News20 Jul 2002

US quartet strikes again


US quartet strikes again

21 July 2002 - The tradition wants that the four relays be run on the final day of the competition.

It was the men’s 4x100m who offered the best technical results with the American team of Ashton Collins, Wes Felix, Ivory Williams and Willie Hordge establishing a new world junior record of 38.92.

The four teenagers became the first ever to dip under the 39-second barrier as the former world best was 39.00 held by another US team of Neal Jessie, Allen Franklin, Stanley Blalock and Dennis Mitchell since 1983.

The extraordinary performance was the result of the pure talent of the four athletes, the crowd’s massive support and the presence of what the world has best to offer in terms of junior sprinters.

Indeed, the USA had to fight hard to hold off brilliant teams from Jamaica and Trinidad and Tobago.

“We were very confident,” revealed Wes Felix who ran the second leg. “We were all aiming for gold because we know we have talent.”

Felix who was also a bronze medallist in the individual 200m turns 19 today and certainly couldn’t have hoped for a better present.

“These championships have been fantastic for me, two medals and a world record this is my best ever birthday.”

The US quartet admitted they had troubles with their first and second exchanges but were proud of their last exchange which set 100m bronze medallist Hordge on track for gold.

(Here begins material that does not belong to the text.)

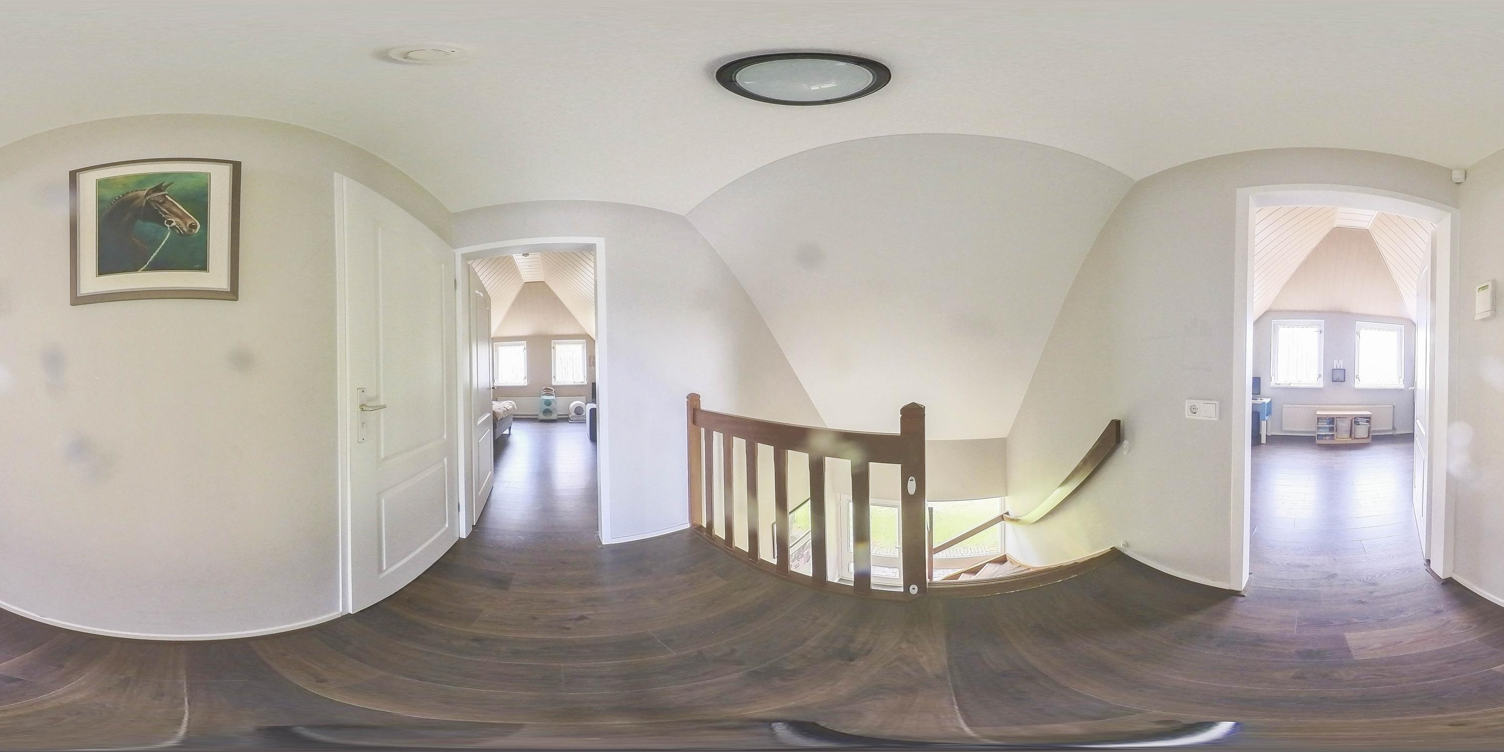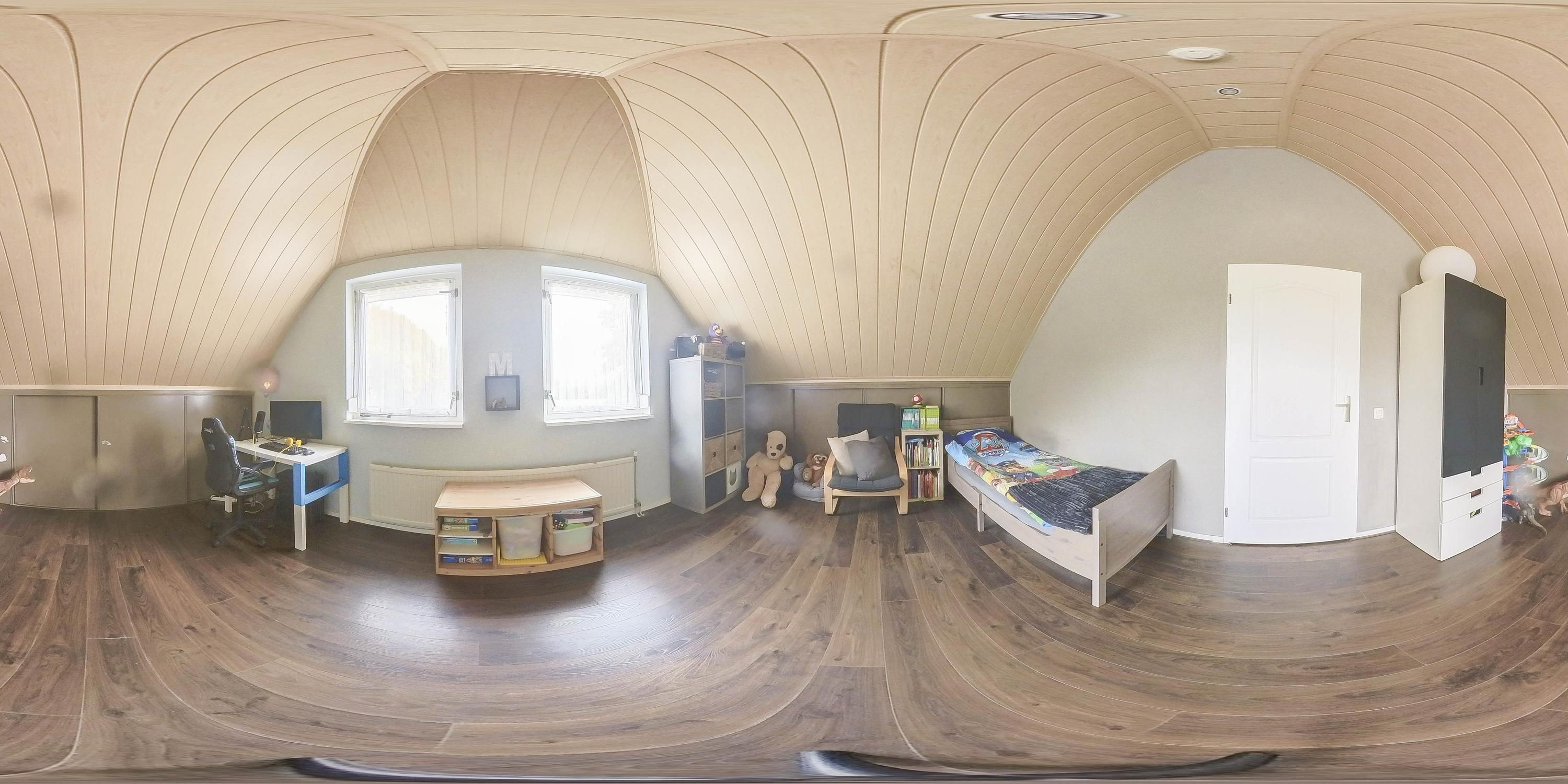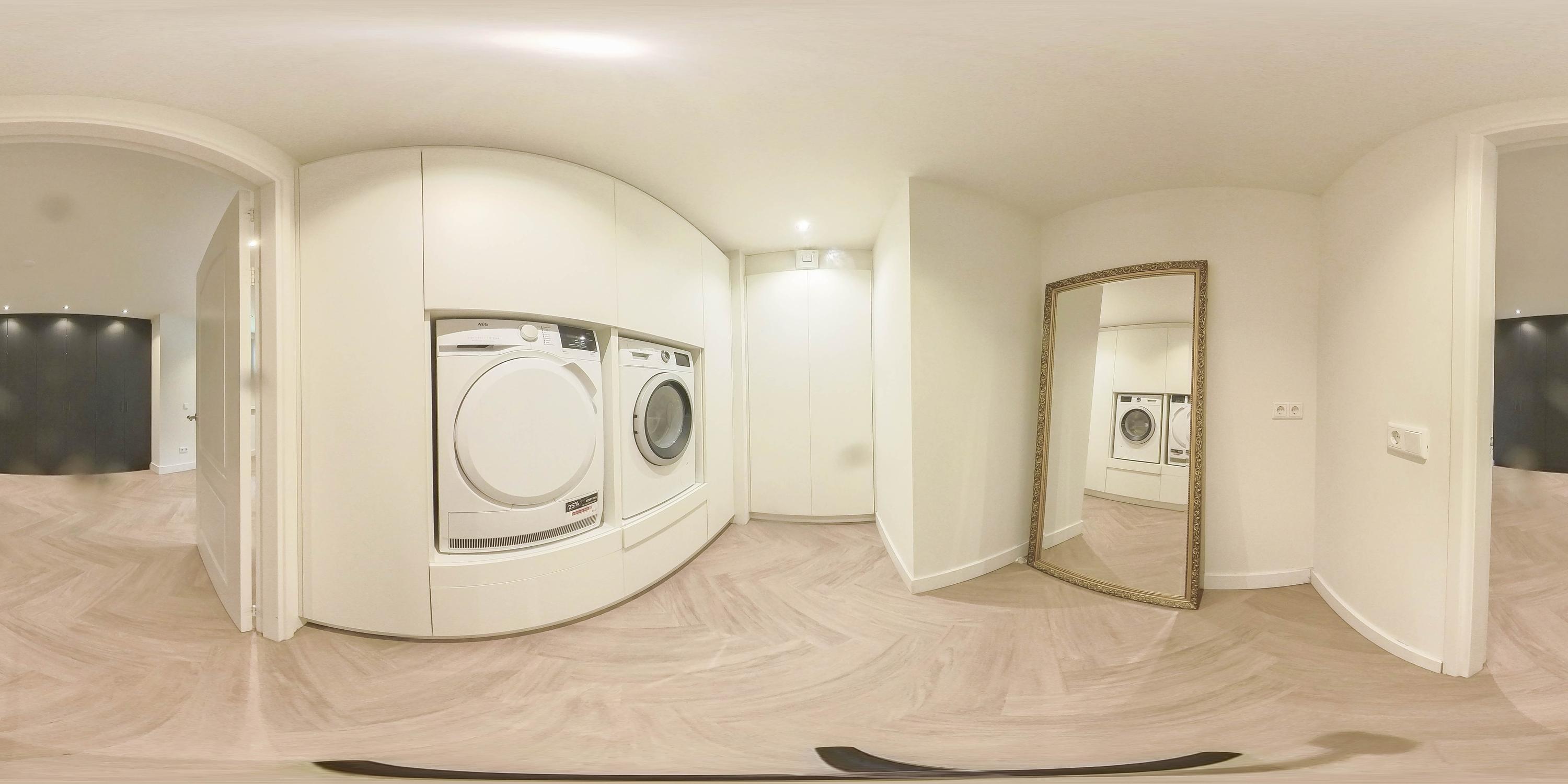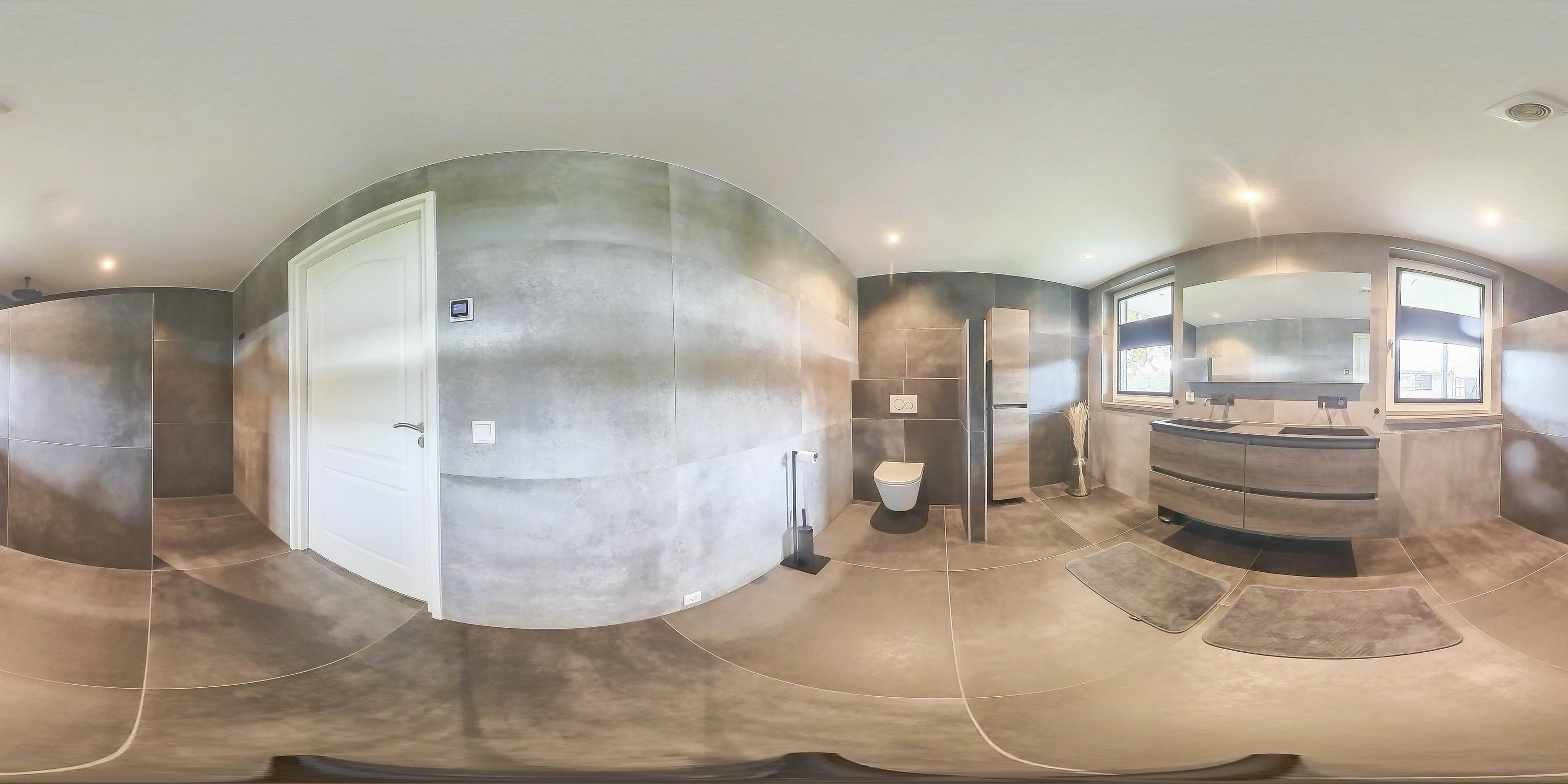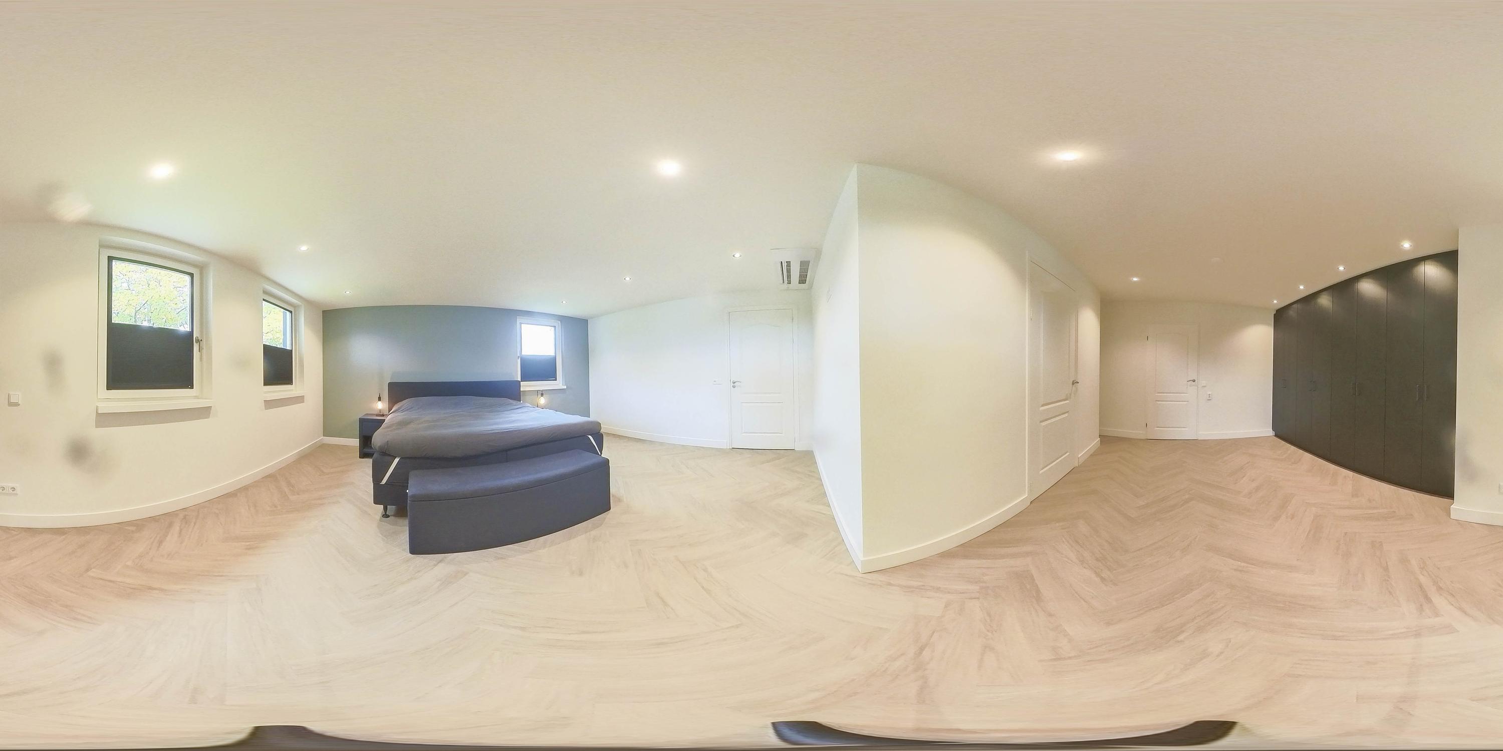 The kitchen is located in the middle. The kitchen with sink/cooking island and an appliance wall is equipped with a dishwasher, combi-oven/microwave, freezer, and refrigerator. The kitchen has plenty of storage space. The spacious bedroom with en-suite bathroom has beautiful herringbone PVC flooring, sleek stucco walls, and a stucco ceiling with recessed lighting. The generous size of the room offers you plenty of possibilities. Thanks to the built-in closets, there is ample storage space—a perfect solution for all your clothes and accessories. There is also air conditioning. The bedroom provides access to the en-suite bathroom. This attractive bathroom is fully tiled and equipped with a very spacious walk-in shower, a double sink with cabinet, and a floating toilet. The spacious walk-in shower with its sun shower and infrared function offers a true wellness experience, ideal for unwinding after a long day. In short, a wonderful space to relax. The laundry room is also accessible from the bedroom. This practical space is furnished with custom-made cabinets, including connections for washing equipment and mechanical extraction, offering an efficient and organized solution—with the added advantage that the equipment is placed at a height. A rear porch with storage and built-in cabinets provides access to the canopy and the yard. Here too, connections for washing appliances are available. First floor The landing provides access to two spacious bedrooms and a bathroom. Both bedrooms have laminate flooring, stucco walls, and a paneled ceiling. Sliding wardrobes have been created under the sloping roof, providing plenty of storage space. The bathroom is fully tiled and equipped with a walk-in shower, a sink with cabinet, and a floating toilet. A dormer window provides natural ventilation and light. A hatch provides access to the storage attic

“The only thing that was in my head when I had that relay baton was ‘stop the clock” were Hordge’s simple words.

The tactic was simple and clear as Williams explained: “my job was to hand the relay baton in first position to Willie. I knew that if I did, we would get gold.”

The American sprinters may not have noticed that around them both Trinidad and Jamaica were having great trouble with their exchanges but they certainly couldn’t help hearing the crowd.

“They have been great all week long but tonight was special,” commented Felix. “Jamaica is great”

From the stand former world record holder Leroy Burrell was a happy man. “I am proud of these boys. What they have accomplished is unbelievable. They competed against the best athletes in the world and obtained excellent results. They have just ensured that US sprinting carries on for years to come. They are the future of the sport in our country.”